_WHAT TO DO_
For the records below, copy exactly the span that begins at the line containing "LEMON-ZEST 1/4 TSP" and stops after the line containing "Винтажная маленькая синяя", minus any pictures.

_DATA UNDER STUDY_
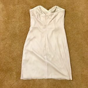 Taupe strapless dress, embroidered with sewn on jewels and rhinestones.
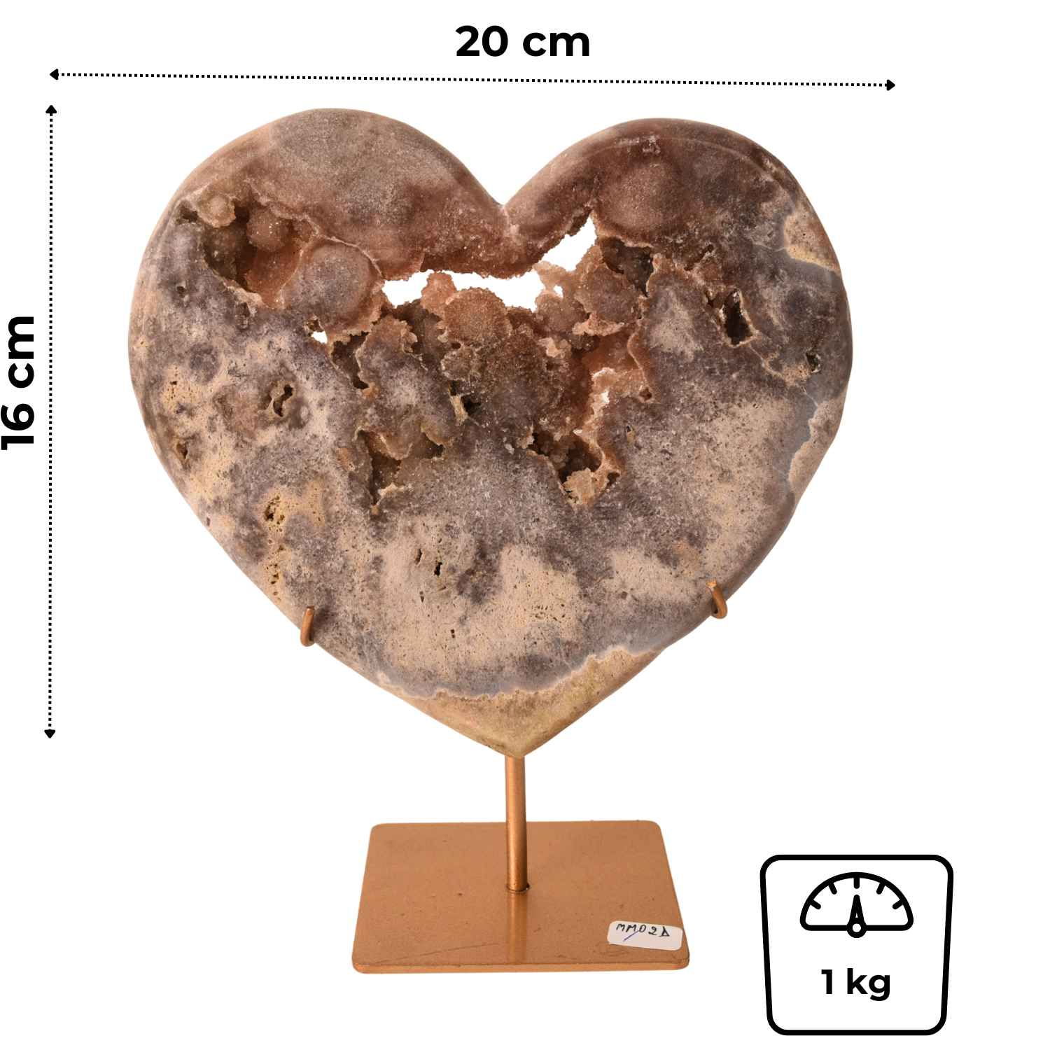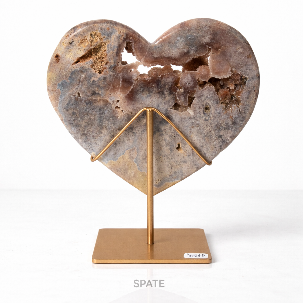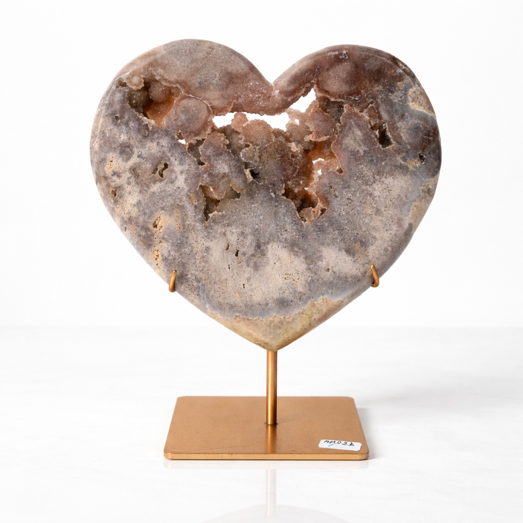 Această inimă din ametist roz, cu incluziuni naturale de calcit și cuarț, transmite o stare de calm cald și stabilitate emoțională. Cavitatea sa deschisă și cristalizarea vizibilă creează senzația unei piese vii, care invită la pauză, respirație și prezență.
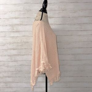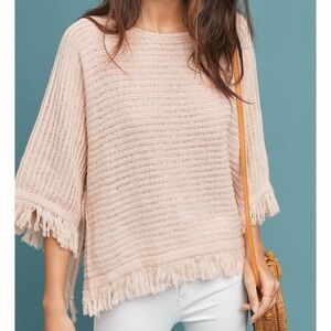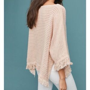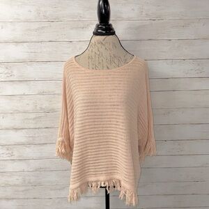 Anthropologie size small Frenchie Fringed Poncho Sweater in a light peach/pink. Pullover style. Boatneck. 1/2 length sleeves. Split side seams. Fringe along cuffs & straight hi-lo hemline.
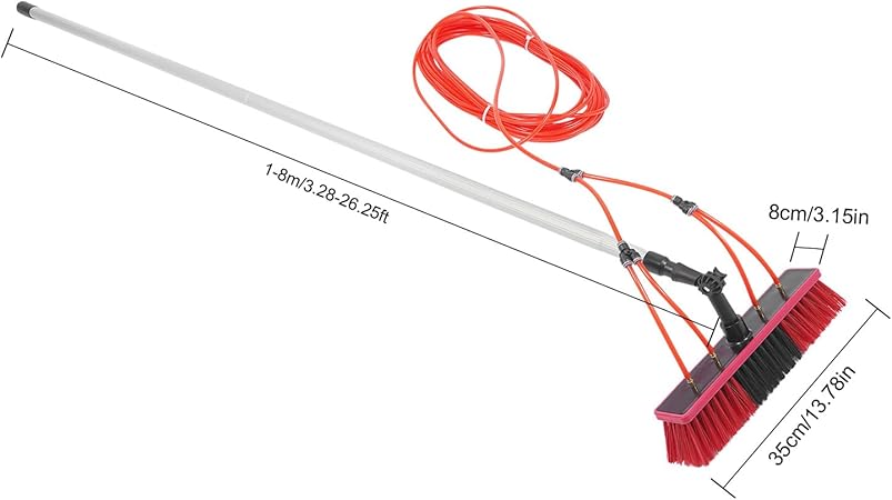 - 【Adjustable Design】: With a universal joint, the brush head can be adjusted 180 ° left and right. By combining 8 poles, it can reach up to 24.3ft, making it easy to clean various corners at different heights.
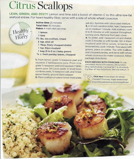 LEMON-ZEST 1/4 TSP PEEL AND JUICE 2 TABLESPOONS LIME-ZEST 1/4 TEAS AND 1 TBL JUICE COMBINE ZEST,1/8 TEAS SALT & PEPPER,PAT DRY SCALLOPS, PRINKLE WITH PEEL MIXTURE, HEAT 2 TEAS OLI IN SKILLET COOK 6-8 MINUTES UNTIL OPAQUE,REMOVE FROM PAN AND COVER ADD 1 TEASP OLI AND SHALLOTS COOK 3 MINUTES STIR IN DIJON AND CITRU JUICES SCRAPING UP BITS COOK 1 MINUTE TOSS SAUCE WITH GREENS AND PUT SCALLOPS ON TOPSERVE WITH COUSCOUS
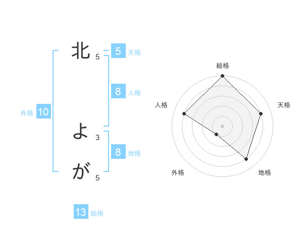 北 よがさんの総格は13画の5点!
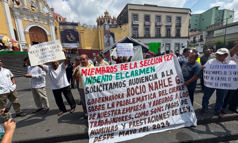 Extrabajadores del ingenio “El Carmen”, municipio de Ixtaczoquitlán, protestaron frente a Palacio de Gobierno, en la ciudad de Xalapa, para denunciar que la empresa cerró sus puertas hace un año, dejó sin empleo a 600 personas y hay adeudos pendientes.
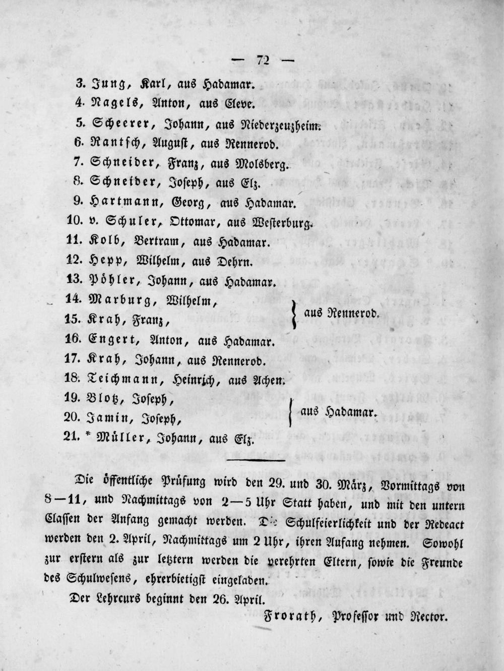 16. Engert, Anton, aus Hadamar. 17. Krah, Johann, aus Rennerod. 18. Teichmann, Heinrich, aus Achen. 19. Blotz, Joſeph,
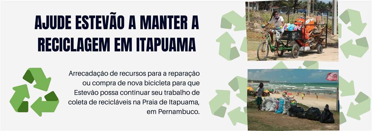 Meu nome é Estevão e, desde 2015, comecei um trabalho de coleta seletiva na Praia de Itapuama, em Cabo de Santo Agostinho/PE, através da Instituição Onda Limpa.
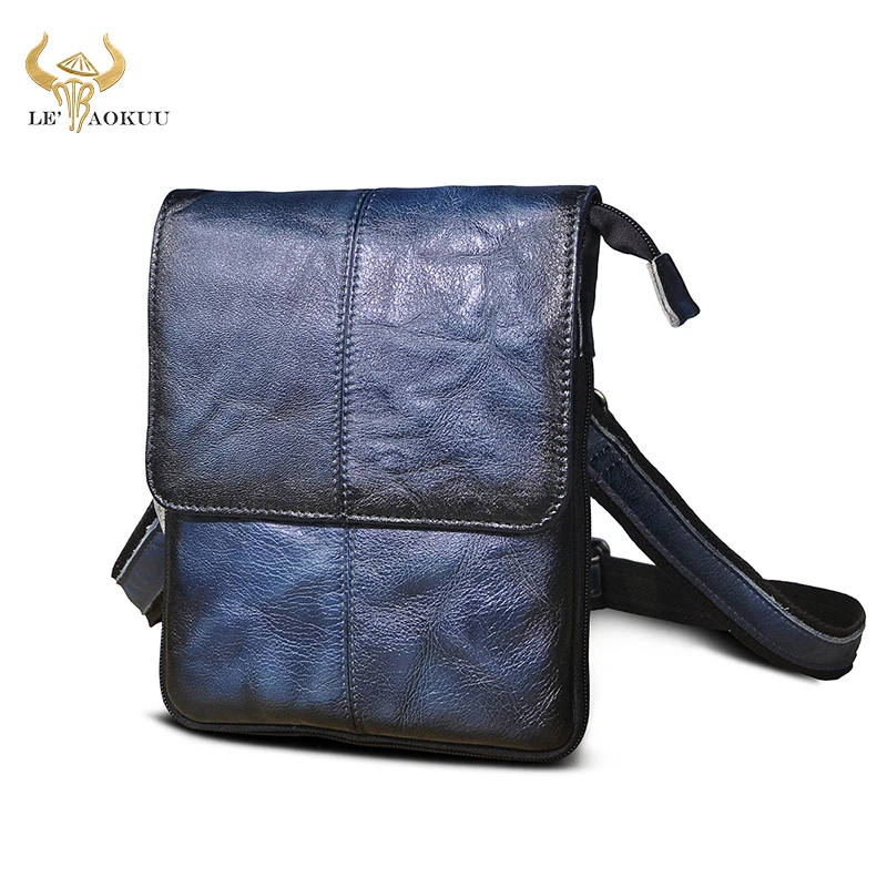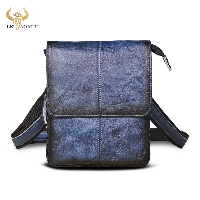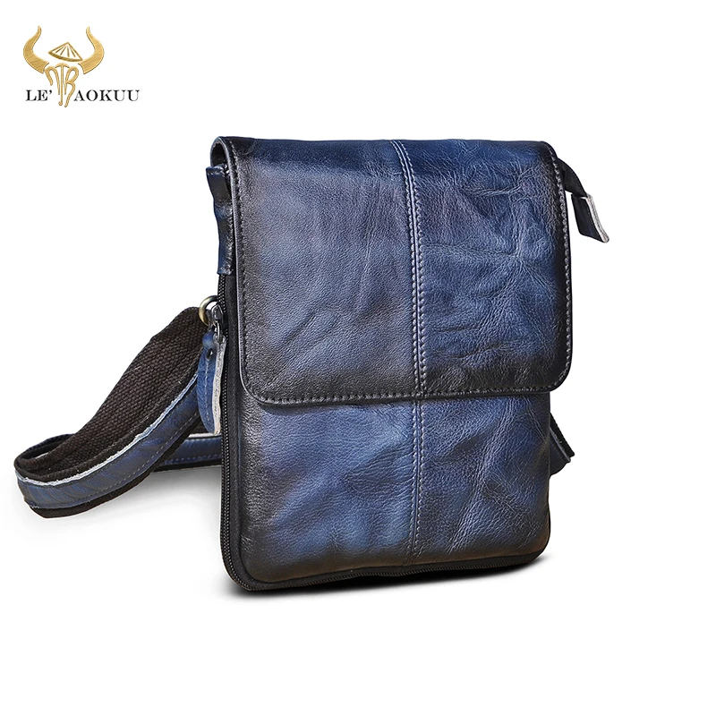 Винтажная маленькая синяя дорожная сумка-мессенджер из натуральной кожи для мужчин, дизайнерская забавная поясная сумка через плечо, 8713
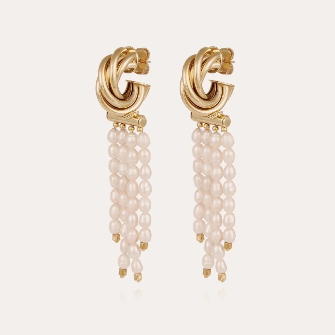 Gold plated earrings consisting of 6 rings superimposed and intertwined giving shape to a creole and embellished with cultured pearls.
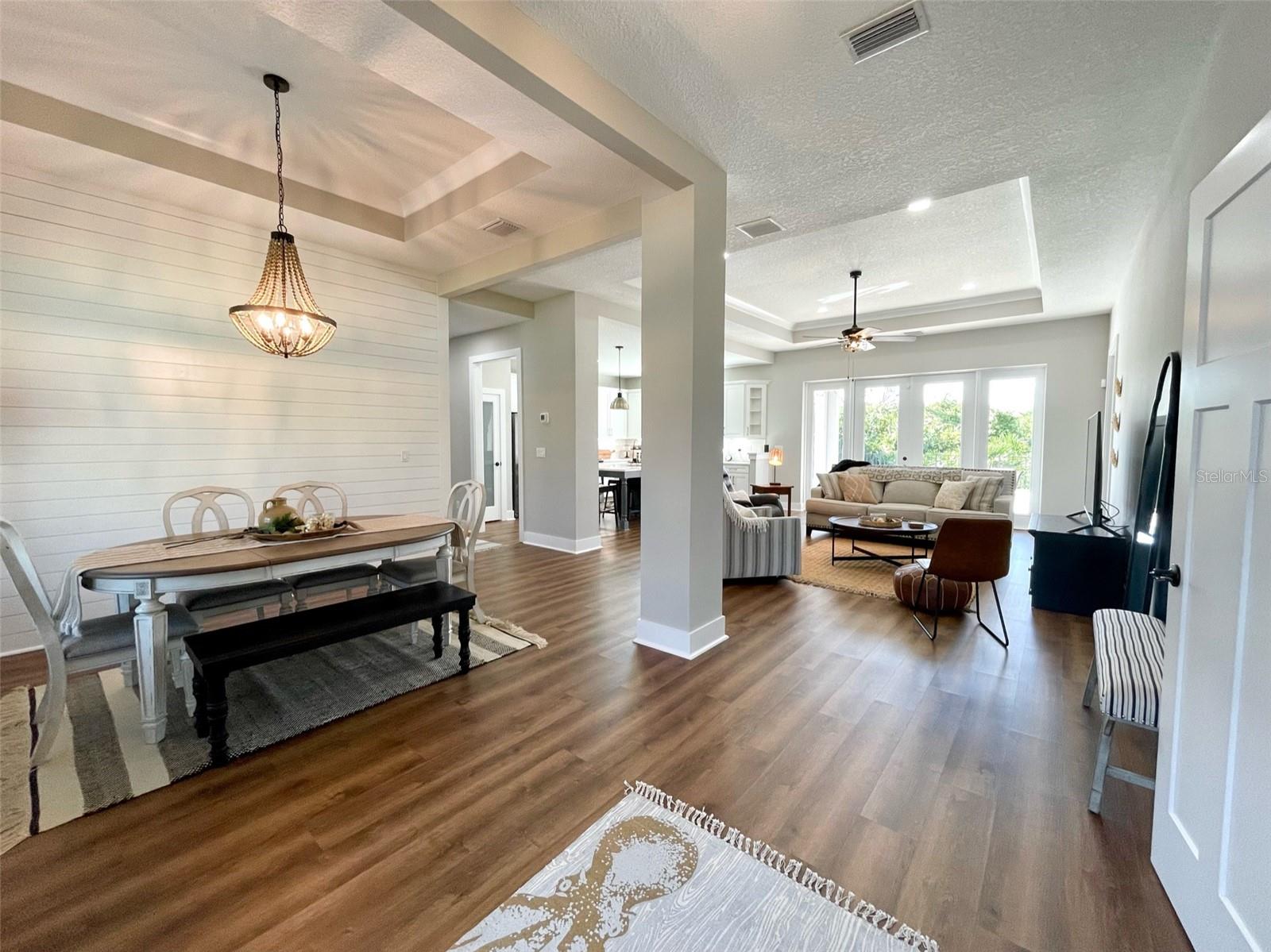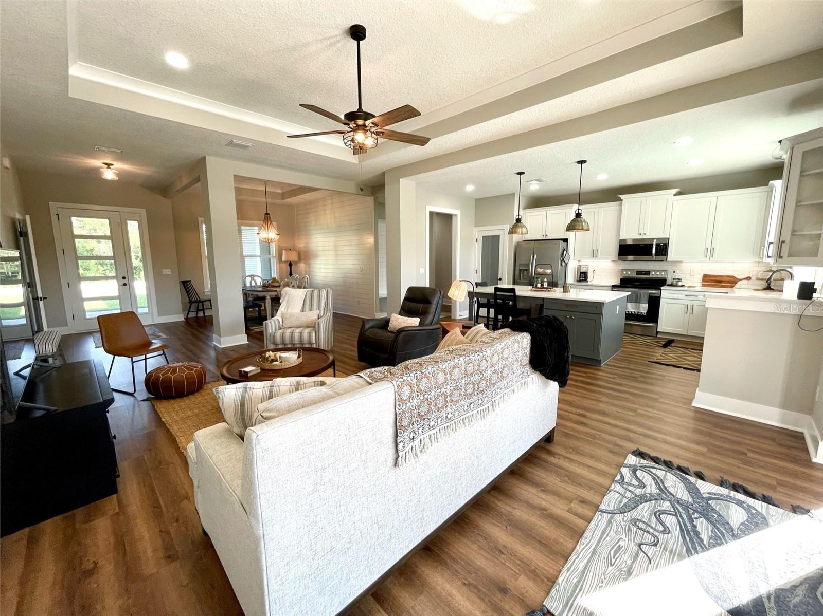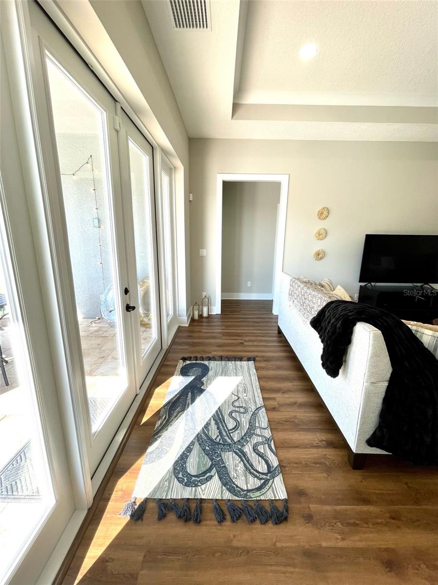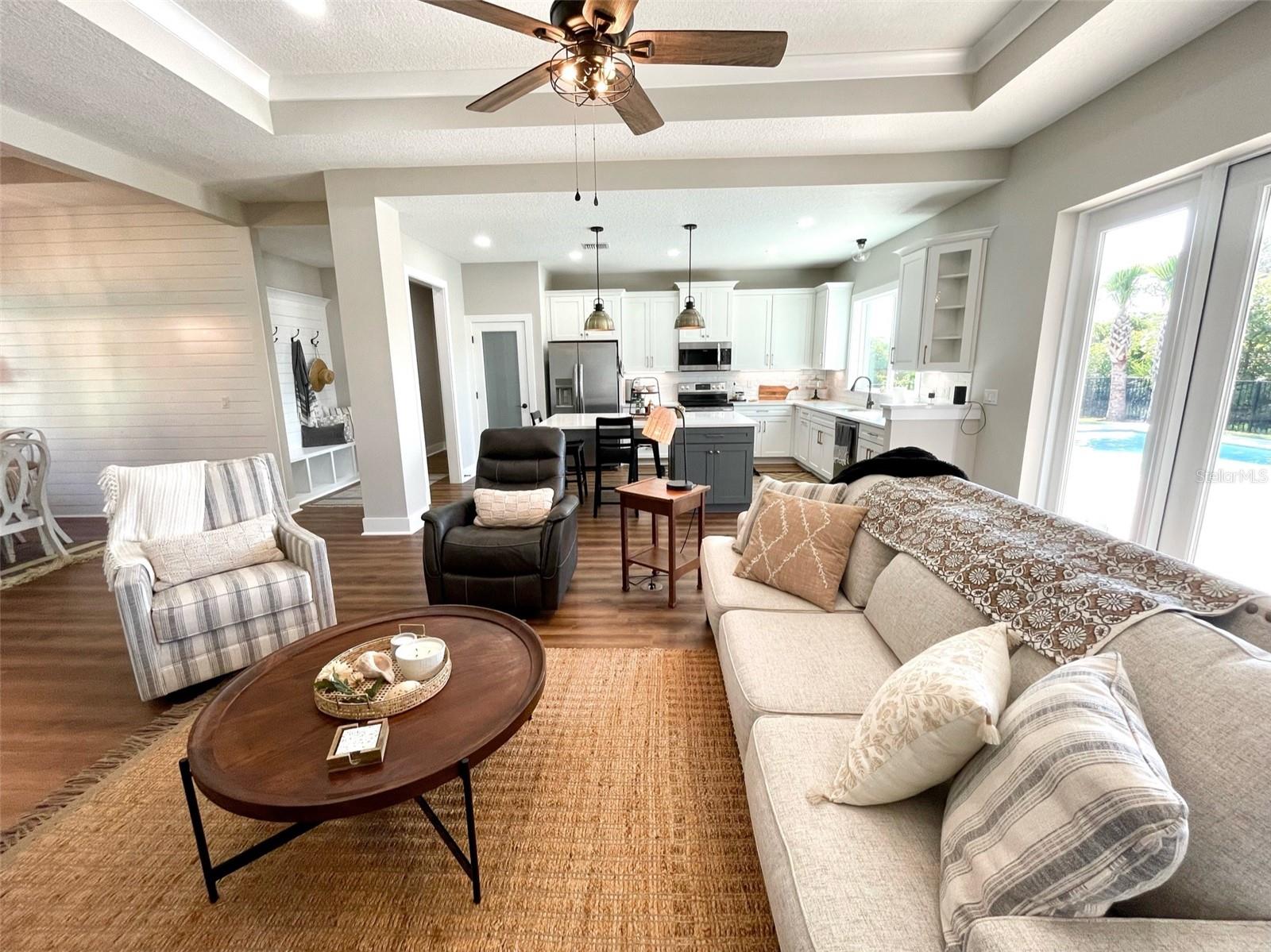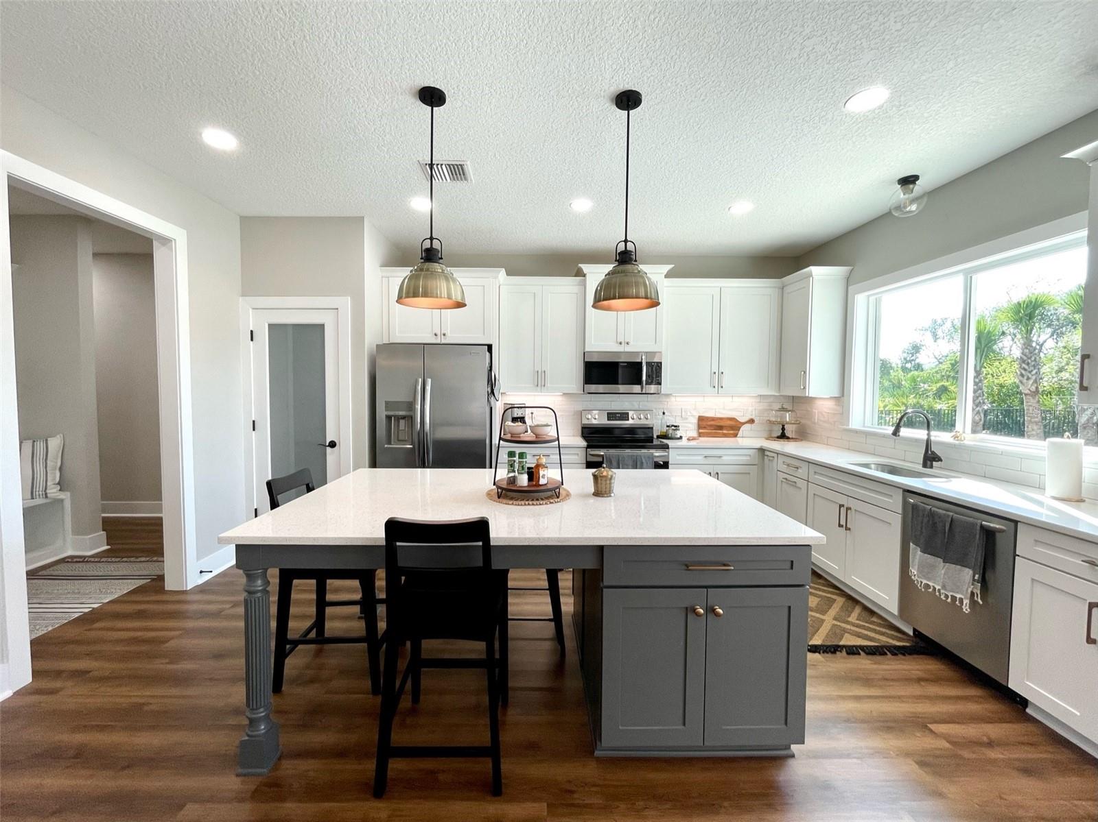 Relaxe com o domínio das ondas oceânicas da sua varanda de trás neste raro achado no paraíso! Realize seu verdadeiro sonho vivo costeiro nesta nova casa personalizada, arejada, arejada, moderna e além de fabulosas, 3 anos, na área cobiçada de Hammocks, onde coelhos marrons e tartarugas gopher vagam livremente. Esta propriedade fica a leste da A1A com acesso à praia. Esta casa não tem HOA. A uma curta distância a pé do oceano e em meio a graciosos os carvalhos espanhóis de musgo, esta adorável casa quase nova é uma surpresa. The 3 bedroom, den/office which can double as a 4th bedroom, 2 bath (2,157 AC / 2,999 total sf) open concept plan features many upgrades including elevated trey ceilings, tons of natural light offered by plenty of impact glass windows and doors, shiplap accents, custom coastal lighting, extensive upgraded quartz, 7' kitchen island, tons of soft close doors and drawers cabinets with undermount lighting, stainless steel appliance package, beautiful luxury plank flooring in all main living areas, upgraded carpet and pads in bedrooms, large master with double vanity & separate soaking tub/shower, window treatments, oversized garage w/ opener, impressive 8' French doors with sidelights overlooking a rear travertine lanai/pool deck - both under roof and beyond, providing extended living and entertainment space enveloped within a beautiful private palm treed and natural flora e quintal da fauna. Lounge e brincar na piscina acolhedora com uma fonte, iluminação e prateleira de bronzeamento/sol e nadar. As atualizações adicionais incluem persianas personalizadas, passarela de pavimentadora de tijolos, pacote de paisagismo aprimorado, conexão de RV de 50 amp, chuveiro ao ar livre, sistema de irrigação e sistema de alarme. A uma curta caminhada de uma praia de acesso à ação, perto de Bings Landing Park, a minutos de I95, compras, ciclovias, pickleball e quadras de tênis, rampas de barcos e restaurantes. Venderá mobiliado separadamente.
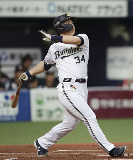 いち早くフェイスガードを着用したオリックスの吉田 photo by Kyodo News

_ANSWER TO THE EXERCISE_
 LEMON-ZEST 1/4 TSP PEEL AND JUICE 2 TABLESPOONS LIME-ZEST 1/4 TEAS AND 1 TBL JUICE COMBINE ZEST,1/8 TEAS SALT & PEPPER,PAT DRY SCALLOPS, PRINKLE WITH PEEL MIXTURE, HEAT 2 TEAS OLI IN SKILLET COOK 6-8 MINUTES UNTIL OPAQUE,REMOVE FROM PAN AND COVER ADD 1 TEASP OLI AND SHALLOTS COOK 3 MINUTES STIR IN DIJON AND CITRU JUICES SCRAPING UP BITS COOK 1 MINUTE TOSS SAUCE WITH GREENS AND PUT SCALLOPS ON TOPSERVE WITH COUSCOUS
 北 よがさんの総格は13画の5点!
 Extrabajadores del ingenio “El Carmen”, municipio de Ixtaczoquitlán, protestaron frente a Palacio de Gobierno, en la ciudad de Xalapa, para denunciar que la empresa cerró sus puertas hace un año, dejó sin empleo a 600 personas y hay adeudos pendientes.
 16. Engert, Anton, aus Hadamar. 17. Krah, Johann, aus Rennerod. 18. Teichmann, Heinrich, aus Achen. 19. Blotz, Joſeph,
 Meu nome é Estevão e, desde 2015, comecei um trabalho de coleta seletiva na Praia de Itapuama, em Cabo de Santo Agostinho/PE, através da Instituição Onda Limpa.
 Винтажная маленькая синяя дорожная сумка-мессенджер из натуральной кожи для мужчин, дизайнерская забавная поясная сумка через плечо, 8713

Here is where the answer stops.